How to grade individuals for group work: Peer- and self-assessments may be key

iStock_000020536048XSmallIn every group, there are those who pull their weight, those who pull more than their share of the weight and those who pull less.

With group learning so popular in today’s classroom, grading students for group activities is a vexing problem for teachers who are not privy to how the group dynamics are working and for students who resent or feel hampered by other students when the workload is not well-distributed.

In an article published in the Journal of Chemical Education, ThomasJ. Wenzel, a professor of chemistry at Bates College says he asks his college students to give peer assessments and self-assessments on group lab and classroom work.

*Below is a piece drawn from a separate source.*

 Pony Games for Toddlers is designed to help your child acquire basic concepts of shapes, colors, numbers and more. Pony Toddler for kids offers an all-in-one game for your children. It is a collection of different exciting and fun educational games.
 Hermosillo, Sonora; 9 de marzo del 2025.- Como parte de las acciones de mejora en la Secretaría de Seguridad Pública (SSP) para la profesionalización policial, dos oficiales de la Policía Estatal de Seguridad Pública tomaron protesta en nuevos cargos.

“I have found through course surveys that the students appreciate the chance to provide such evaluations, especially in the situation in which they have a laboratory partner who is not fulfilling his or her responsibilities on the project,” writes Wenzel. 

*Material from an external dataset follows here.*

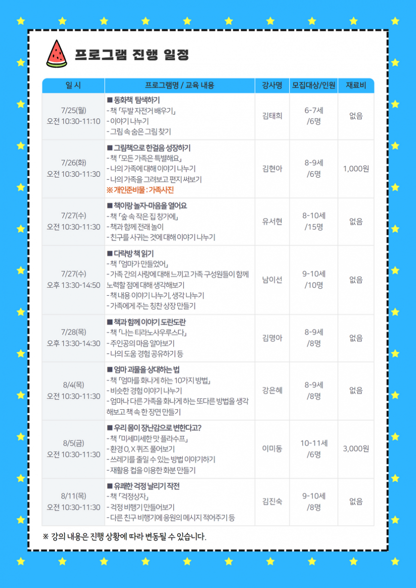 | 강좌명 | 배곧너나들이 여름방학 프로그램 안내 | 접수방법 | 온라인 신청(선착순) |
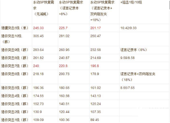 拿猎杀5级(双永恒谎言)和6级(双玛瑙谎言)比较的话,两者sp消耗相近,差不多都是179。

“The use of peer- and self-evaluations allows me to provide better feedback to the students and to feel more confident in assigning each individual a grade for their contribution to the group laboratory project.”

One approach is to ask group members open-ended questions about group and individual performance:

Group questions include:

  • Did everyone in your group contribute to the activity today? If so, explain how; if not, identify what individuals need to do to assure participation by al.
  • Did everyone in your group understand the material covered in the activity today? If so, explain how your group assured that everyone understood; if not, identify what your group needs to do to assure that everyone in the group understands the material.
  • Identify three things your group could do to work more effectively and efficiently.
  • Identify one contribution made by each member of your group to today’s activity,
  • What constructive feedback can you give another group member on application of a skill?.
  • Develop a short-term plan and a long-term plan to strengthen your team’s performance.

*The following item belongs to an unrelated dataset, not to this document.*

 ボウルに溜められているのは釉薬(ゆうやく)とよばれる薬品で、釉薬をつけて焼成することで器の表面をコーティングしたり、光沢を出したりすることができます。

Individual questions include:

  • Identify three ways you and the other group members have modified or could
  • modify study habits and strategies in order to improve performance on examinations.
  • List two strengths and two improvements in reference to yourself in today’s workshop.
  • Cite two examples of how you carried out your team responsibility or role.

Wenzel also suggests an alternative approach: Give students a set of specific criteria that they then can evaluate on a numerical scale based on the quality of performance on that specific task, ability or contribution. His sample list includes:

  • gathering preliminary background literature;.
  • helping to develop and write the project plan.
  • undertaking a fair share of the work.
  • ability to generate good ideas and solve problems,
  • ability to arrive at consensus and overcome difficulties.
  • ability to facilitate the group’s efforts;.
  • contribution to the final written report; and contribution to the final oral presentation.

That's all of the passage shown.